#### Task brief
Retype every line from the one containing "間取り詳細 | 洋室9.8 |" through the last line of the records below, both included; leave out the pictures.

#### Saved entries

◇ ◇ ◇ ◇ ◇

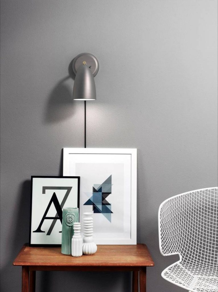 Tyylikäs seinävalaisin metallia. Varjostimen suunta on säädettävissä.
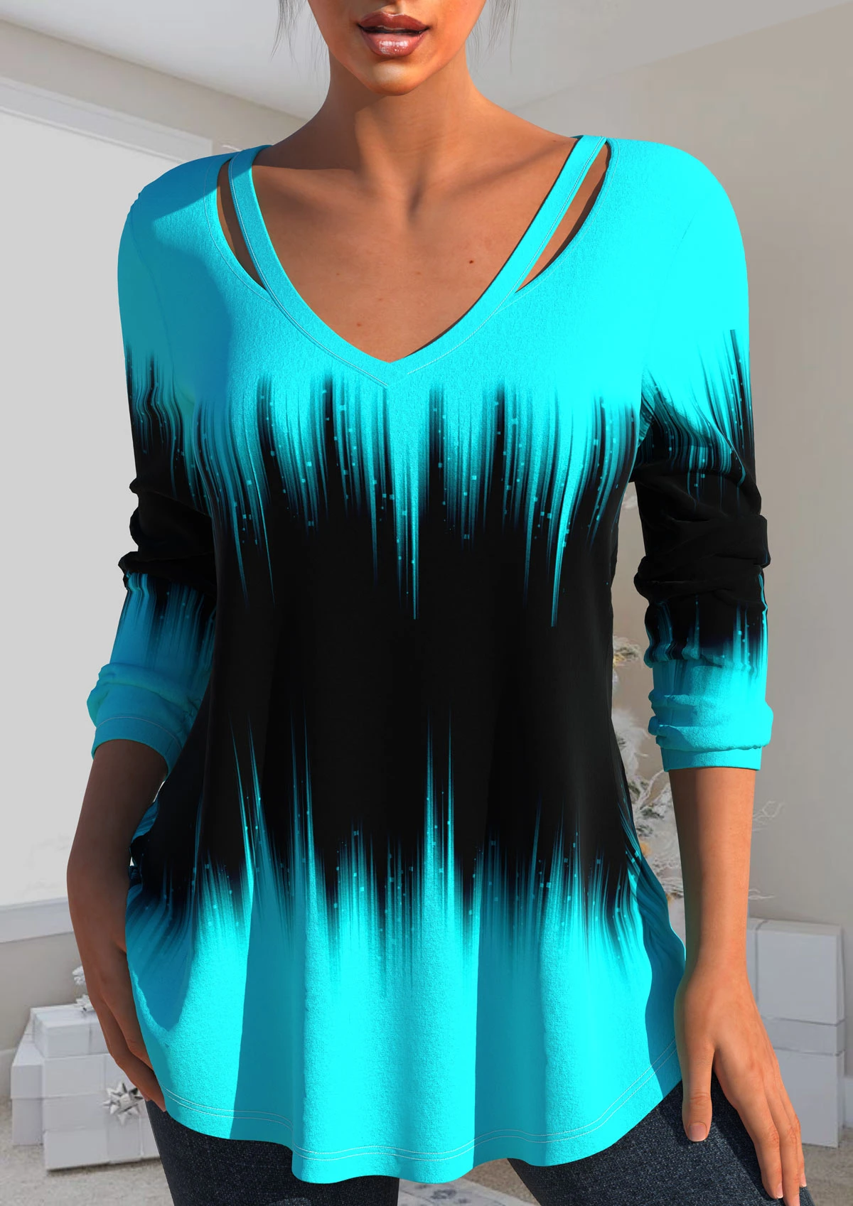 Plus Size Cyan Ombre Long Sleeve T Shirt
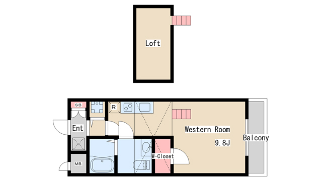 | 間取り | ワンルーム | 間取り詳細 | 洋室9.8 |
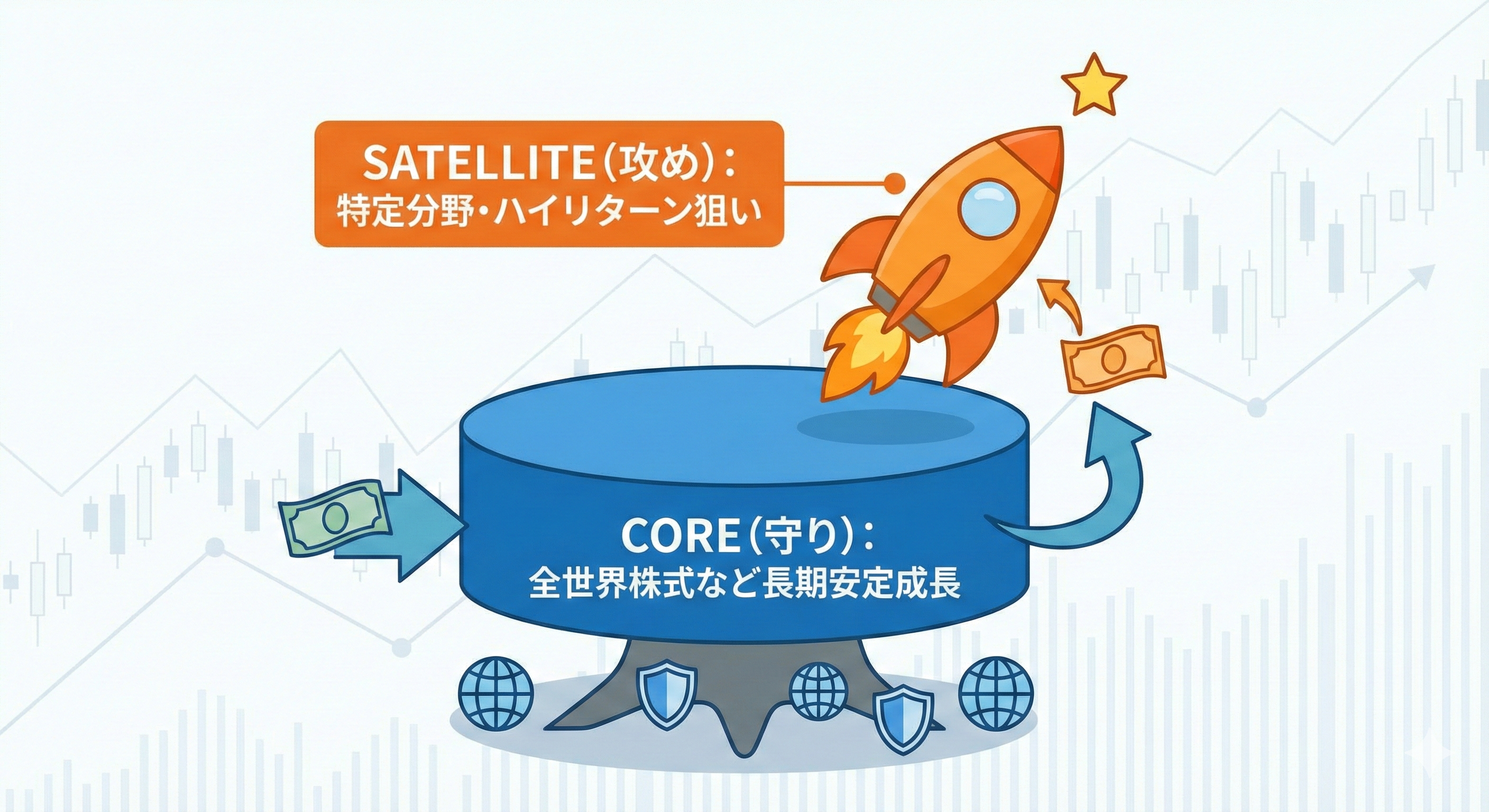 資産の土台となる「コア」部分で全世界の成長を取り込みつつ、「サテライト」部分で特定分野(ハイテク)の大きなリターンを狙う作戦です。
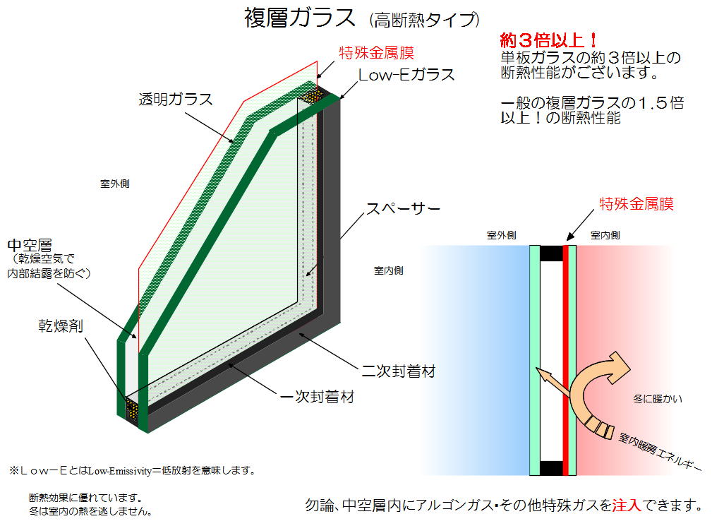 徹底的な省エネ派の方はJIS工場で作るアルゴンガス入りの断熱性能がUPした製品もお届けできます。
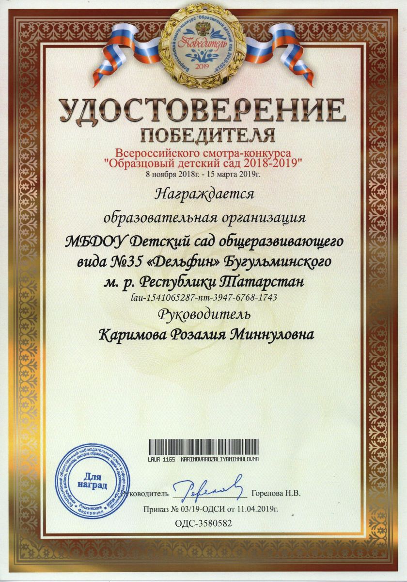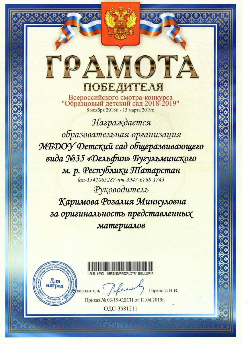 «Всероссийский смотр-конкурс "Образцовый детский сад 2018-2019"»

◇ ◇ ◇ ◇ ◇

#### Task solution
 | 間取り | ワンルーム | 間取り詳細 | 洋室9.8 |
 資産の土台となる「コア」部分で全世界の成長を取り込みつつ、「サテライト」部分で特定分野(ハイテク)の大きなリターンを狙う作戦です。
 徹底的な省エネ派の方はJIS工場で作るアルゴンガス入りの断熱性能がUPした製品もお届けできます。
 «Всероссийский смотр-конкурс "Образцовый детский сад 2018-2019"»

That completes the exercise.